2. The method according to claim 1, wherein in step 1, extracting the keywords of the text specifically comprises:

step 1.1: performing text preprocessing on the content of the text to obtain a text candidate word set, wherein the text preprocessing comprises the following steps: segmenting words and removing stop words;

step 1.2: extracting keywords of the text from the text candidate word set: and calculating TFIDF values of all words in the text candidate word set, and taking the words with the maximum TFIDF values of the first K words as text keywords, wherein the value of K is a positive integer.

3. The method of claim 2, wherein the range of values for K is set to [5,10 ].

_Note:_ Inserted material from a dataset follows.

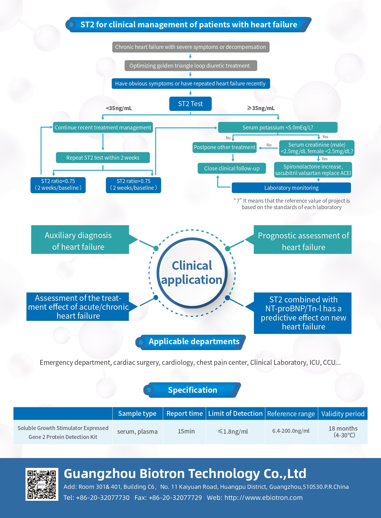 ST2 is a member of the interleukin-I(IL-1)receptor family. When the heart continues to be under pressure, the expression of ST2 increases, which indirectly promotes myocardial hypertrophy and myocardial fibrosis, affects cardiac function, and greatly increases the readmission and mortality of patients with heart failure.
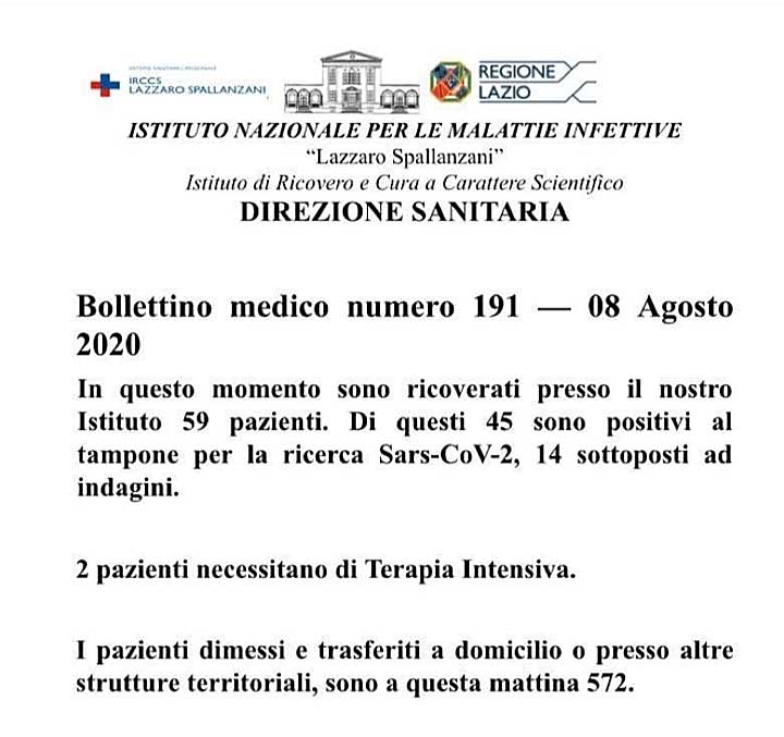 Bollettino medico numero 191 – 8 Agosto 2020

4. A method according to claim 2 or 3, wherein in step 2, the keyword feature fingerprint of the text is calculated as:

step 2.1: calculating the hash value K of the appointed digit of each keyword K_h: carrying out hash operation of specified digits on the word codes forming each keyword to obtain the hash value of each word, and carrying out bit exclusive or operation on the hash value of each word to obtain the hash value of the current keyword;

step 2.2: calculating a weighted hash value of each keyword:

defining a weight value W for a keyword k_k＝TFIDF_k×K_h；

Wherein TFIDF_kThe TFIDF value representing the key word k,

and K is_hBit of 1 and TFIDF_kPositive multiplication, bit of 0 and TFIDF_kNegative multiplication;

step 2.3: summing the weighted hash values of all keywords of the text to obtain an accumulated vector;

step 2.4: performing dimensionality reduction calculation on the obtained accumulated vector to obtain a keyword characteristic fingerprint of the text: and judging each element value of the accumulated vector, if the element value is larger than 0, setting the element value to be 1, and if the element value is not larger than 0, setting the element value to be 0.

5. The method of claim 4, wherein the text d_iAnd d_jSimilarity sim of keyword features of₁Comprises the following steps:

wherein H_i，jRepresenting text d_iAnd d_jCharacteristic fingerprint f of key word_i1And f_j1Hamming distance between them, max () function represents taking the maximum value, len () function represents calculating the length of the string, and in calculating the keyword feature fingerprint f_i1And f_j1At hamming distance between them, if the key word feature fingerprint f_i1And f_j1When the lengths of the key words are different, the low-order bit complementing operation is carried out on the key word characteristic fingerprints with shorter lengths.

6. The method of claim 1, wherein said step 3 comprises the steps of:

step 3.1: based on each keyword of the text, taking N words before and after the keyword as context, and establishing a real number vector so as to enable each keyword w to be_iAll correspond to a semantic vector

Wherein N is a positive integer;

step 3.2: summing the semantic vectors of all keywords of the text to obtain a word semantic fingerprint f of the text₂；

Step 3.3: calculating a text d_iAnd text d_jCorresponding word semantic fingerprint f_i2And f_j2Cosine similarity of (d) to obtain d_iAnd d_jWord language ofSemblance similarity sim₂。

7. The method of claim 1, wherein said step 4 comprises the steps of:

Wherein L is a positive integer;

step 4.2: summing the semantic vectors of the L representative sentences to obtain a chapter semantic fingerprint f₃；

8. The method according to claim 1, wherein in the step 5, similarity sim based on keyword feature is performed₁Semantic similarity sim of words₂Semantic similarity sim with chapters₃Get the text d_iAnd d_jSimilarity sim.